When did it start to rain? we ask one another.

I do not love July because July brings humidity and mosquitoes, but the lilies in the flower garden are sweet compensation. The heavy air is also heavy with perfume.

A friend comes to visit for the Fourth of July and says, “You have a lily forest. I think I’ll go for a walk in your lily forest.”

I appreciate the lilies from a standing position, but when I sink down into a garden chair, I find myself enveloped by them. They nod their heads far above my own head. It is a lily forest.

 

In January, the air is thin and dry and my head is clear for thinking spiritual thoughts. I mediate every morning on some classic devotional book. I say prayers. I read Scripture.

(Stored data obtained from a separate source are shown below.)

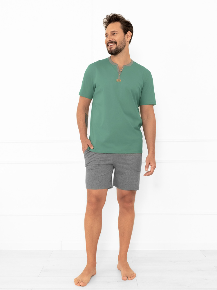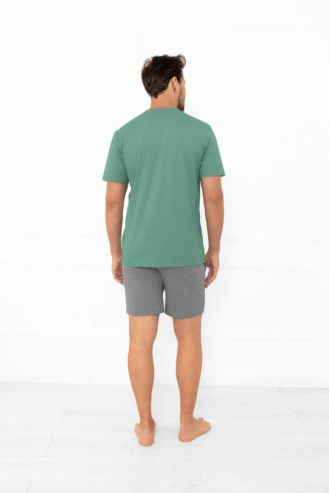 Piżama męska Juliusz Italian Fashion szałwiowa – bawełniana, koszulka i krótkie spodenki
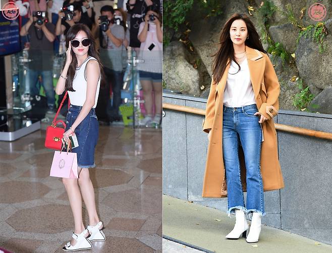 서현처럼 깔끔하게 넣어 입는 게 몸매를 S라인으로 더 매력적으로 만들어준다.
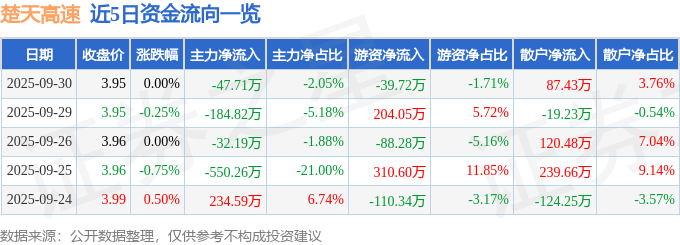 证券之星消息,截至2025年9月30日收盘,楚天高速(600035)报收于3.95元,上涨0.0%,换手率0.37%,成交量5.89万手,成交额2327.01万元。
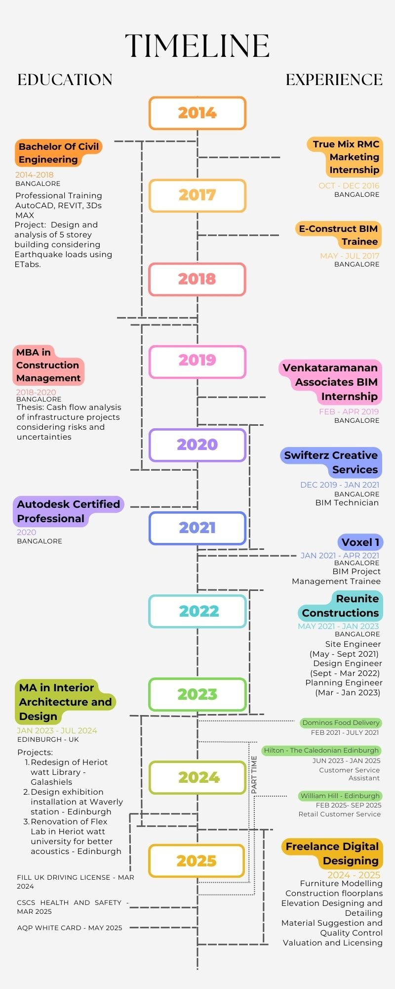 I started my career with a solid grounding in civil engineering, building a deep understanding of structural systems and construction processes. Over time, I expanded into interior architecture and design, developing a keen eye for spatial detailing and multidisciplinary coordination. Today, I specialise in BIM-driven project delivery, integrating design intent, engineering precision, and on-site execution through intelligent digital modelling. My journey reflects a continuous evolution — from traditional engineering to cutting-edge digital construction, delivering smarter, clash-free, and efficient projects.
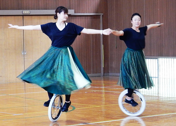続いてペアの模範演技。音楽に合わせた激しい動きと技の連続に、子どもたちはすっかり魅了されました。3分半の演技を終えた講師のお二人は、荒い息遣いで肩を上下させています。「一輪車は自転車のように休みながら進めないので、こぎっぱなしなんですよ」。
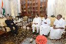 The President of India, Shri Pranab Mukherjee meeting with Shri V. Narayanasamy, Chief Minister of Puducherry alongwith Shri Namasivayam, PWD Minister, Puducherry and Shri Mukul Wasnik, former Union Minister, at Rashtrapati Bhavan on June 26, 2017.
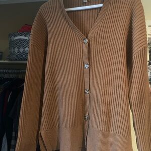 Chic camel cardigan with button front. Ribbed texture for added style. Ideal for layering.

In July, the air is thick, and my pocket-sized Book of Common Prayer falls from my hands unread. I cannot think thoughts in July. July is for scratching too many mosquito bites, feeling the throb of my hip where I fell in the garden leaning too far knocking Japanese beetles into a jar of soapy water.

In July, my head is filled with the scent of lilies, my heart with the still-fresh beauty of the ‘Lady of Shalott’ roses, my stomach with vegetables from a local farm and bread by the friend who admires my lily forest. Breakfast rolls into lunch, while we go on spreading fresh black-raspberry jam over butter over bread. I think my fingers might still be slightly purple from picking those berries a week ago.

If religion is our bond with God, if it is the path between us or the space where we relate, then in summer the whole world becomes sacred (though perhaps it always was?).

We Christians eat the Bread of Life every Sunday, but this summer I am also eating it from breakfast to lunch, spread with black raspberry jam.

And the bond between God and ourselves is vivid, multi-colored, and splashed across the sky after every storm.